The British & Irish Association of Fastener Distributors (BIAFD) has issued an update on the continuing container crisis:
The global crisis in freight container availability, and consequence massive escalation in sea freight costs, made mainstream headlines in December – as parents worried there would be no Barbie dolls or Peppa Pig toys in stock for Christmas. A month on, the decorations are down, but the fastener supply chain continues to struggle with the severe impacts on product availability and costs, with little outlook for rapid improvement.
At the beginning of December, the BIAFD warned that the shortage of shipping containers at major global export ports was seriously impacting fastener availability in the UK and Ireland, forcing up container freight costs three-fold.
The situation in January is significantly worse. The problem is global, and not directly related to the UK leaving the EU. That said, issues at Felixstowe Port, which knocked onto other UK ports, have exacerbated an already critical situation. The escalation of Covid-19 infections in the UK now also means shipping lines continue to avoid British ports, preferring to off-load in Northern European, adding a further two weeks before goods are received in the UK.
The latest picture from BIAFD importing members show Asia-North Europe container freight costs have continued to rapidly escalate: pushing them five times – in some instances even more - higher than mid 2020. For a container of some standard fasteners with a low value per weight, that could easily mean the freight cost now equating to a third of the value of the consignment. As a result, some BIAFD members have reluctantly decided they simply cannot afford to bring in product, even though current inventory is rapidly eroding to support increased demand from construction and manufacturing. Most fastener importers, however, are competing against high value consumer goods for scarce containers and being forced to pay massive premiums. Insult is added to injury, when they are then presented with additional charges of several hundred dollars, to ensure a container is collected in time to be loaded for its sailing.
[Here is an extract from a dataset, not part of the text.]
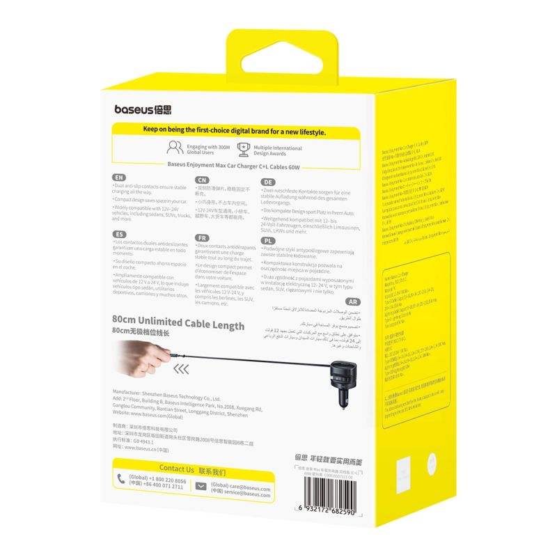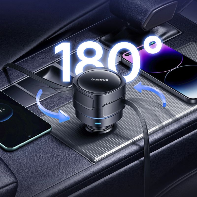 The Baseus Enjoyment Max 60W is a practical car charger equipped with two retractable cables – USB-C and Lightning. It allows you to charge two devices simultaneously without the need for additional cables. The 180° rotatable design makes it easy to fit into your car's interior, and a total power output of up to 60W ensures fast and stable power on every trip. The wide input voltage range of 12-24V allows it to be used in both passenger cars and other vehicles.

There are signs of limited improvement in container availability in key Asian exporting ports, as shipping lines actively reposition empty containers and container manufacturers work all out to supply new boxes. However, container availability remains substantially in deficit with little immediate prospect of major improvement, and now the Chinese New Year is rapidly approaching. The most important Chinese holiday period, this year in mid-February, always means a surge of export activity ahead of factory closures, increasing pressure on extremely limited container capacity, followed by several weeks of catch up, once factory, haulage and port operations return to work. As early as the second week in January, BIAFD importers were being told by freight agents that there was no possibility of their containers being shipped before the Chinese New Year.
Governments around the world may be losing patience with the apparently out of control shipping rates and supplementary charges. However, threats of capping
shipping costs or competition authority investigations are currently doing little more than shaving the very tip of the iceberg.
BIAFD currently sees little probability of significant improvement, either in availability or freight costs, until well into the second quarter 2021. Its members’ highest priority is to maintain the best possible availability for critical manufacturing and construction supply chains. That inevitably means fastener costs will increase significantly, as at least some element of the massive hikes in freight costs are unavoidably passed on, alongside the impact of major increases in steel and stainless steel raw material costs.